Yikes. That image is doing horrible things to the LW layout on my browser. Maximizing the window doesn't seem to help.

ETA: Seems to be fixed now. Thanks.

Upvoted; very interesting.

[-][anonymous]20

How interesting?

Very.

"Interventions Tend To Combine Synergistically To Extend Life Span A Little, But The Typical Improvement Is Statistically Insignificant"; another production from Kingsley's ginormous spreadsheet. Abstract:

"I used the results of previous life span experiments to test the statistical hypothesis that interventions tend to work as well individually as in combination. I included previous experimental results reporting the risk of people dying from any cause, and changes to the mean and maximum life spans of lab animals, Combinations trended toward extending life spans more in all three, but the improvements were statistically insignificant."

My comments on GRG:

"If I'm understanding this right, you're treating this as basically a vote-counting model: a single study yields a single data point of a single/multiple binary variable & a average lifespan increase % (experimental minus control).

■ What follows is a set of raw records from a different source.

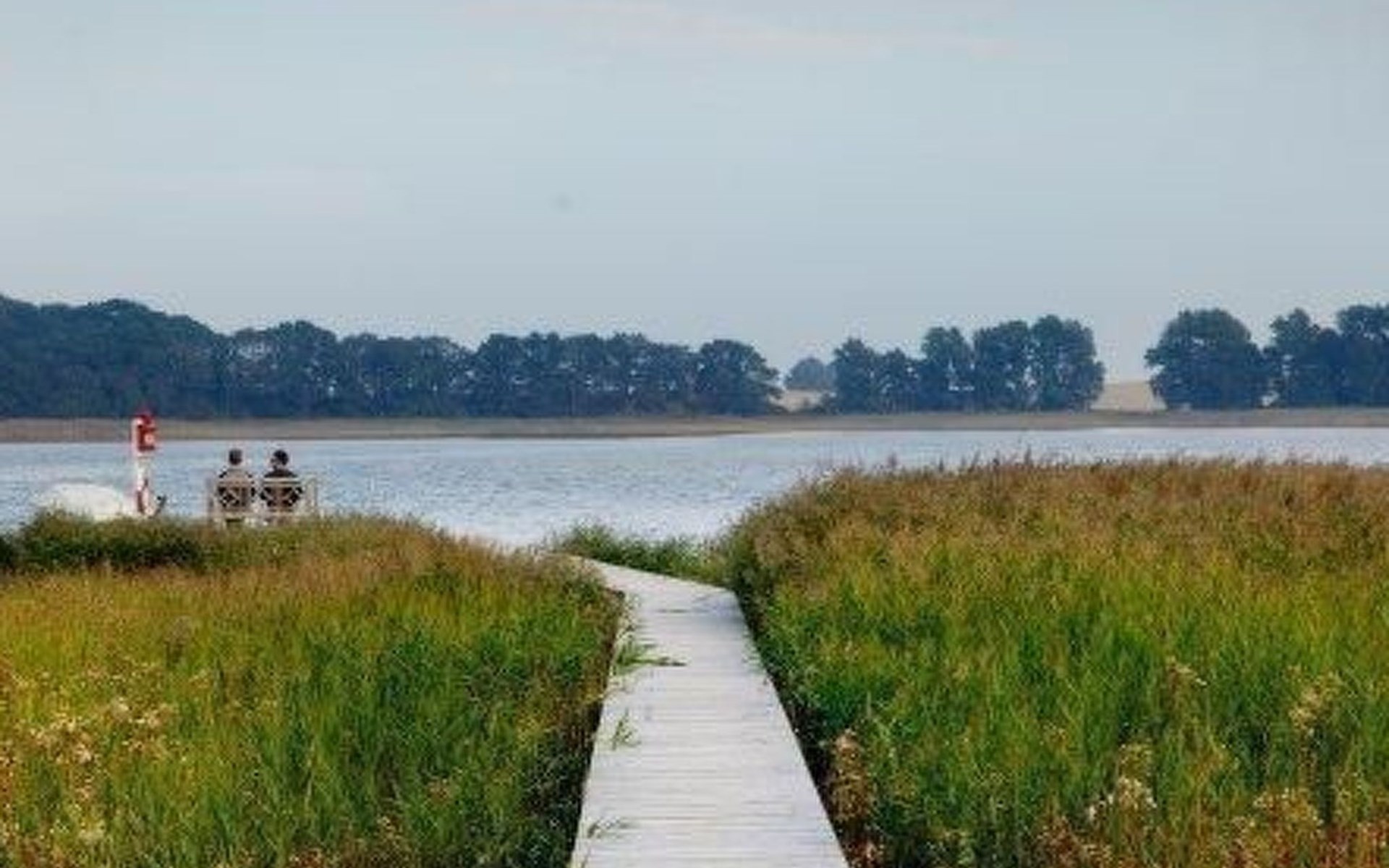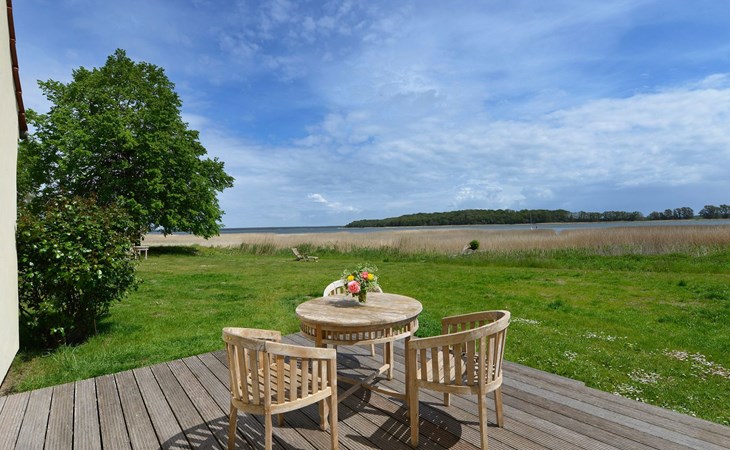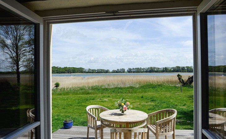Vanuit de woonkamer komt een deur uit op het grote terras met teakhouten meubels en een heel mooi uitzicht op het water en de tuin.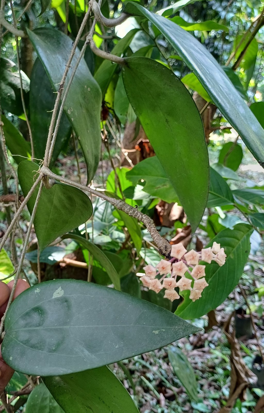 Hoya carnosa ASCLEPIADACEAE akar setebal/akar serapat East Asia to Australia and Pacific. Epiphytic herb. Toxic and narcotic latex. Fresh leaf juice with honey used for pneumonia and bronchitis; anti-inflammatory.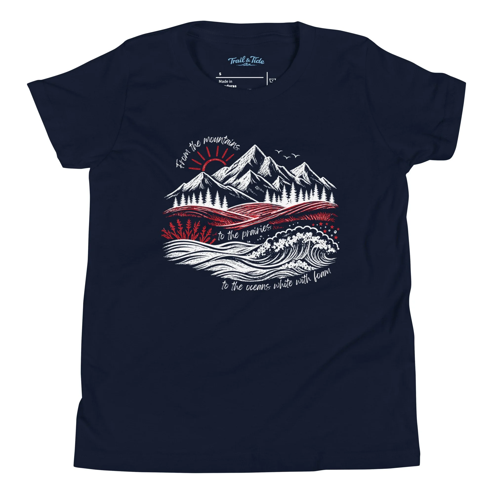 Inspired by the timeless words of America the Beautiful, this hand-drawn design captures the landscapes that shape our story — wide skies, rolling fields, and oceans white with foam. Printed in classic red, white, and blue on a deep navy backdrop, it brings a nostalgic, all-American feel to everyday play.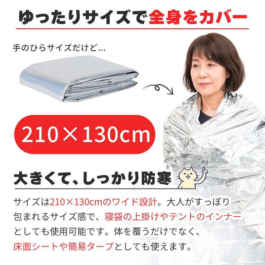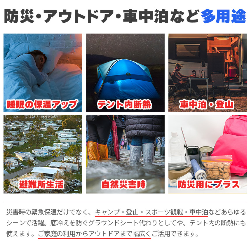 アウトドア・登山・釣り・キャンプ・フェス・車中泊はもちろん、災害時や停電時の防寒対策にも。軽くて丈夫な素材は繰り返し使用可能で、防災バッグに常備しておくと安心です。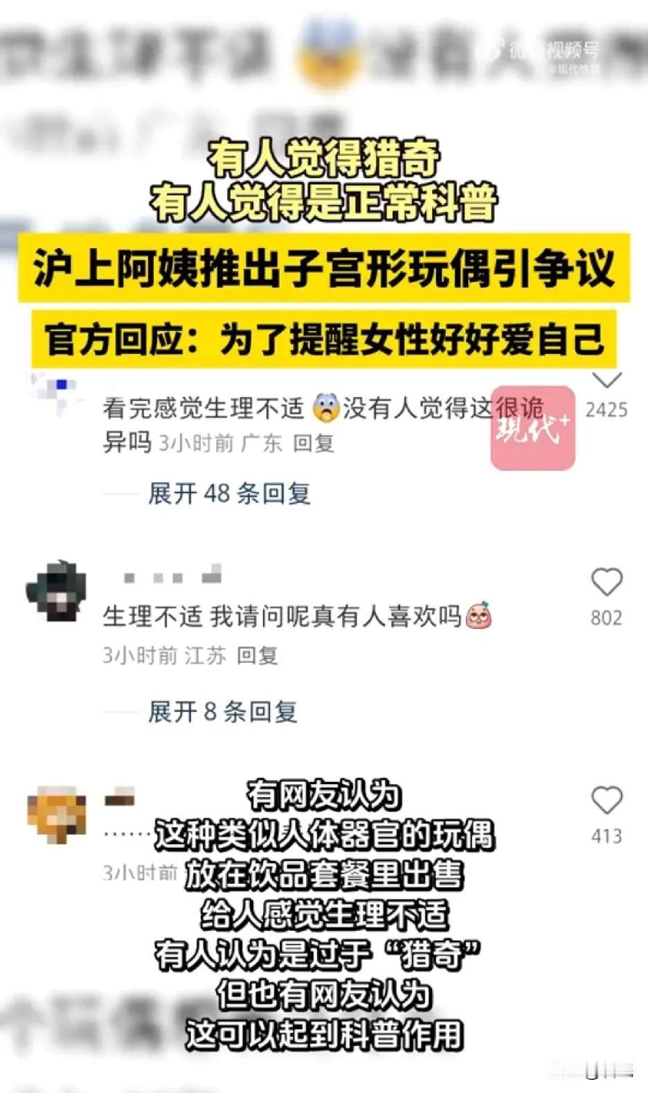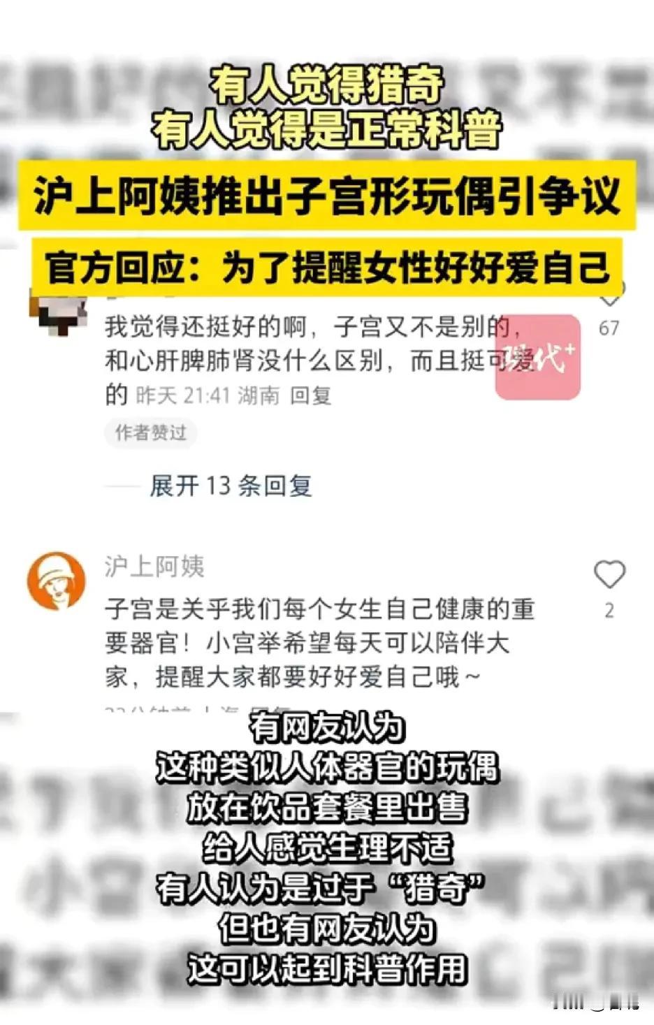 原来这个毛绒的玩偶是子宫啊?不说,我还以为就是新奇玩偶。 沪上阿姨最近因“小宫举”玩偶吵翻了天,双杯套餐送的毛绒玩具被指像子宫,连输卵管、卵巢造型都清晰,粉、红两色还对应女性生理周期。 所以争议什么?哪个人不是从这个器官里出来的?又不是性器官,这跟心脏、脾胃、肾脏一样,都属于身体的器官。可以有肾宝宝,为什么不能有子宫宝宝? 官方回应说要传递悦己理念,市监局也说不违反公序良俗,说明没触碰底线。 我倒觉得这种出现就跟卫生巾一样,多出现大众的视野里,让大众习以为常,科普一下常识也是好事。毕竟有些男的还认为月经就跟憋尿似的,可以一次性释放。 当然一样东西出来,肯定有人喜欢,有人不喜欢,不喜欢可以不买。这有什么猎奇的,好争议的?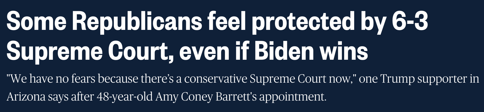 Republican voters fearing a potential Joe Biden presidency are taking some solace in the belief that a newly conservative Supreme Court with Justice Amy Coney Barrett will restrain Democratic ambitions.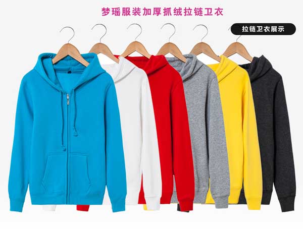 衛衣款式有:圓領衛衣,翻領衛衣,開衫衛衣,拉鏈衛衣,套頭衛衣等。衛衣顏色有紅色,白色,黃色,藍色,灰色,黑色,橙色等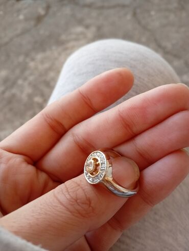 Gümüş rəngli zərif qadın üzüyü - Dizayn: dairəvi “halo” başlıq; mərkəzdə parlaq şəffaf daş, ətrafında xırda parıltılı daşların halqası. - İki rəngli detal: mərkəz hissədə qızılı tonlu halqa elemen...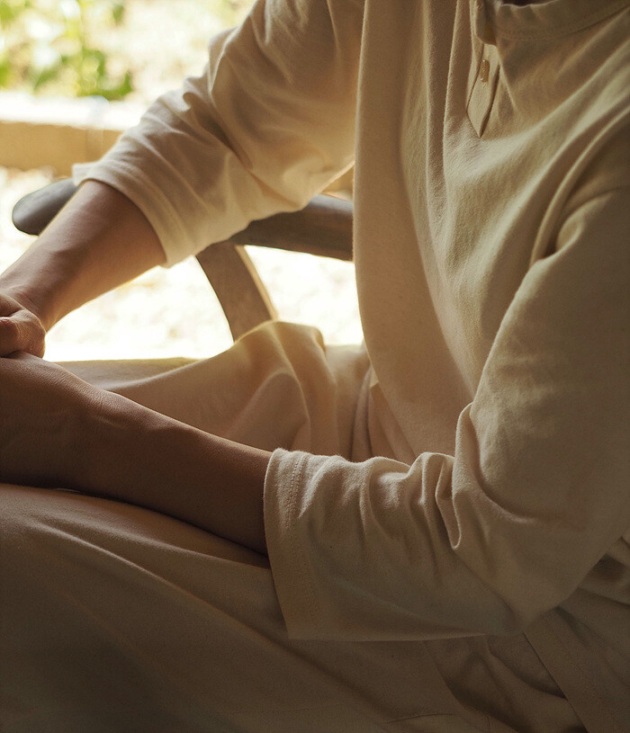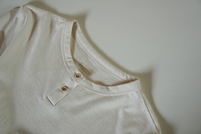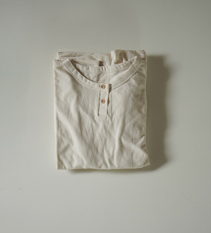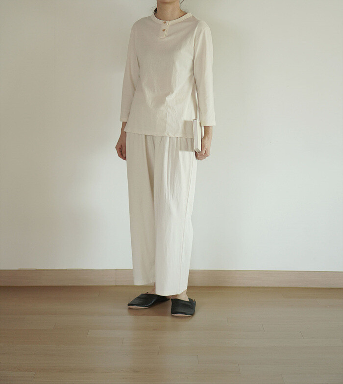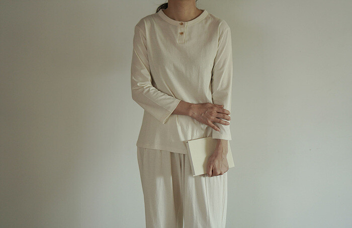 제원단을 감싸 마무리한 편안한 핏의 라운드 넥에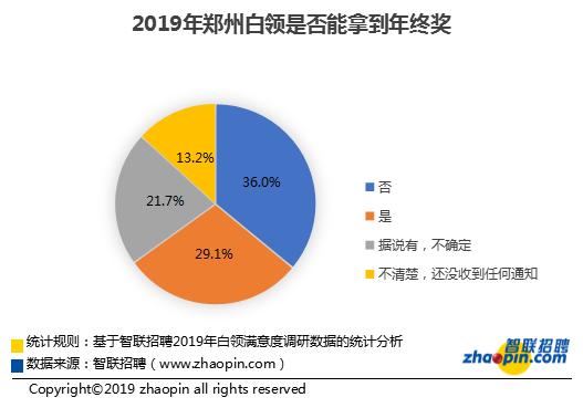 调研数据显示,参与调查的郑州白领中有29.1%表示能够拿到年终奖,与2018年的38.2%相比,有所下滑。另外,有36%的郑州白领表示拿不到年终奖,回答“据说有,不确定”的占比21.7%。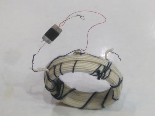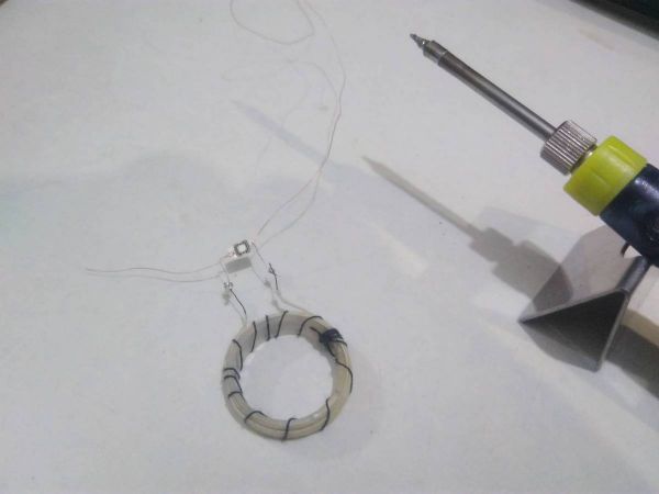 Это как вообще? Второй конец обмотки ведь просто в воздухе висел! В голову начинают лезть умные мысли о всяких колебательных контурах, что де катушка со свободным концом, возможно замыкается через конденсатор, в виде которого выступает палец. Впрочем, думаю – догадки скорее всего неверные, а в голове уже забрезжила какая-то фантазия про расчет резонансной частоты...

This seems like it could be masking a huge amount of variables and relevant info. For example, do multiple intervention studies administer the same net amount of substances as the single intervention studies? If a multiple intervention studies administers 10mg of 10 substances and a single intervention administers 100mg of 1 substance, and there are increasing returns like a U-curve, then the combined additive or multiplicative effect of the multiple-interventions could equal the single intervention. Or could there be a bias in subject selection? It's probably easier to get big humans to eat multiple substances than a tiny hydra or yeast cell, and human studies don't seem to work well in general regardless of multiple vs single, so that could produce a lack of effectiveness (the multiples look ineffective, because they tend to be done in humans; and the single look effective, because smaller simpler animals will tend more to receive singles). You can probably think of a few other plausible covariates."